Work will start in June on a $2.2 billion, 416-mile high voltage transmission line through Wyoming, Colorado and Utah, following a federal notice to proceed issued on May 26. The 500-kV line is part of a larger $6-billion transmission expansion across the western U.S. planned by utility giant PacifiCorp, with operations in six states.  Other western projects also are moving faster through the U.S. Interior Dept. pipeline.

“Approving large-scale transmission projects like this are key to bringing renewable energy online while creating good-paying union jobs,” said Tracy Stone-Manning, director of Interior's Bureau of Land Management, which approved the PacifiCorp project that is set to have a 1,325-person construction workforce.

The Portland, Ore., utility company is owned by investment firm Berkshire Hathaway.

The new line will add 2 GW of capacity for traditional and renewable energy, including advanced nuclear and energy storage projects proposed in Wyoming, Gary Hoogeveen, CEO of Rocky Mountain Power, PacifiCorp’s service division in Utah, Wyoming and Idaho, said in a statement.

Permitting for parts of the Energy Gateway expansion has been underway since 2007. “It has taken 15 years to build out the system,” Hoogeveen said. “We’re not done—we’ve probably got another decade to go.”

The firm gained Wyoming regulators' approval May 10 for the Gateway projects.

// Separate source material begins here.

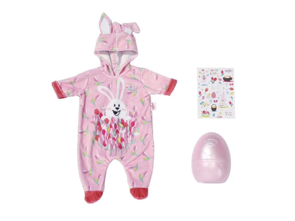 Teraz nastražia uši všetci, ktorí chystajú veľkonočné skrýše! V ružovom veľkonočnom vajíčku BABY born je ukrytý roztomilý overal. Je ozdobený potlačou zajačika Benna a jarných tulipánov. Na kapucni sú prišité veselé zajačie ušká. Ružový overal má červená chodidlá, ktoré určite doskočia ďaleko. Súčasťou sú aj samolepky pre veľkonočné dekorácie. • Kvalitné oblečenie pre originálnu bábiku BABY born. • Pre radosť z nápaditej, rozmanitej a dlhotrvajúcej hry. • Veľmi jednoduché prezliekanie. BABY born Veľkonočné vajíčko s oblečením, súčasťou sú samolepky.Dodatočné parametre

PacifiCorp plans to reduce greenhouse gas emissions 74% from 2005 levels by 2030 and 98% by 2050 by investing and modernizing its transmission system, increasing renewable energy and storage and investing in advanced nuclear resources.

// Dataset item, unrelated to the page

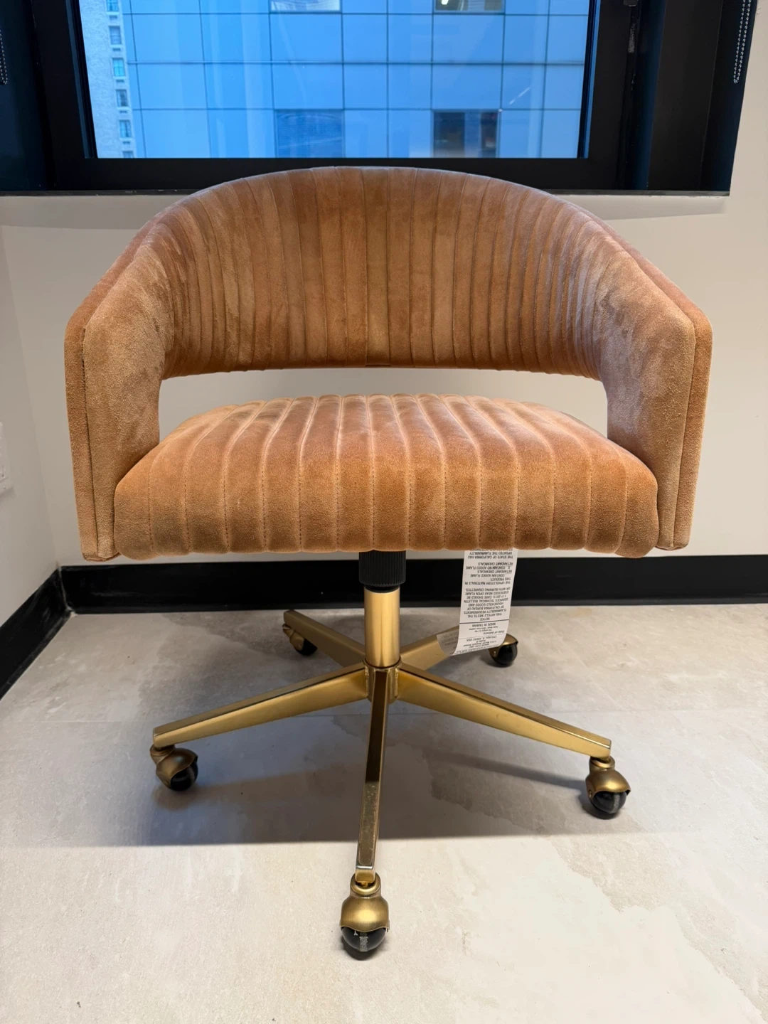 Selling a tan suede swivel desk chair. It's in great condition and would be a stylish addition to any home office or workspace! The chair features a comfortable, curved back and a plush seat, perfect for long hours of work or study. The brushed brass base adds a touch of elegance, and the swivel function allows for easy movement

The Gateway South project gained final environmental approval in December 2016. BLM worked with PacifiCorp, the National Fish and Wildlife Foundation, Wyoming Wildlife and Natural Resource Trust and other state and federal officials to establish an “innovative and collaborative approach” to mitigate disruptions to wilderness lands and construction impacts to the Greater sage-grouse.

The line begins in south central Wyoming at the Aeolus substation near Medicine Bow, extending southwest across public and private lands to northwestern Colorado and terminating at the Clover substation in Mona, Utah. It will be built on guyed steel lattice and self-supporting steel lattice towers ranging in height from 140 ft to 190 ft. The spans will be placed between 1,000 ft and 1,500 ft apart. The line should be in service in 2024, PacifiCorp said.

The utility plans to add more than 3.7 GW of new wind power by 2040 in Wyoming and five other western states it serves. These would replace energy from a total of 19 regional coal-fired power plants set to be retired.


Western Pipeline Expands

BLM also released a draft EIS for the 520-mile, two 500-kV line SunZia Southwest transmission project between central New Mexico and central Arizona. The project would transport up to 4.5 GW of power from New Mexico to markets in Arizona and California, the agency said.

Developer SunZia partnered with Pattern Energy to build transmission to transport 3 GW of wind energy from the latter’s planned wind farm in New Mexico.

The agency is also starting environmental review of the 214-mile, 500 kV Cross-Tie project between Robinson Summit, Nev., and Clover, Utah. The $667-million project is under development by TransCanyon, an independent transmission firm also owned by Berkshire Hathaway.

The company plans to have the project onl ine in 2026 with construction beginning in 2023. POWER Engineers is providing providing preliminary engineering support for the permitting effort, says a TransCanyon spokesman. Also under BLM review now is the 423-mile Greenlink West project between Las Vegas and Reno, Nev., for NV Energy. The two projects would unlock about 6.5 GW of renewable energy potential, BLM said.

Work could start next year, says developer Power Co. of Wyoming, on the $3-billion, 732-mile TransWest Express transmission project set to carry power from two large onshore wind projects in Carbon County, Wyo., to Las Vegas. The wind farm would total 3,000 turbines that would generate 900 MW of power when completed. Details on its regulatory approvals were not available.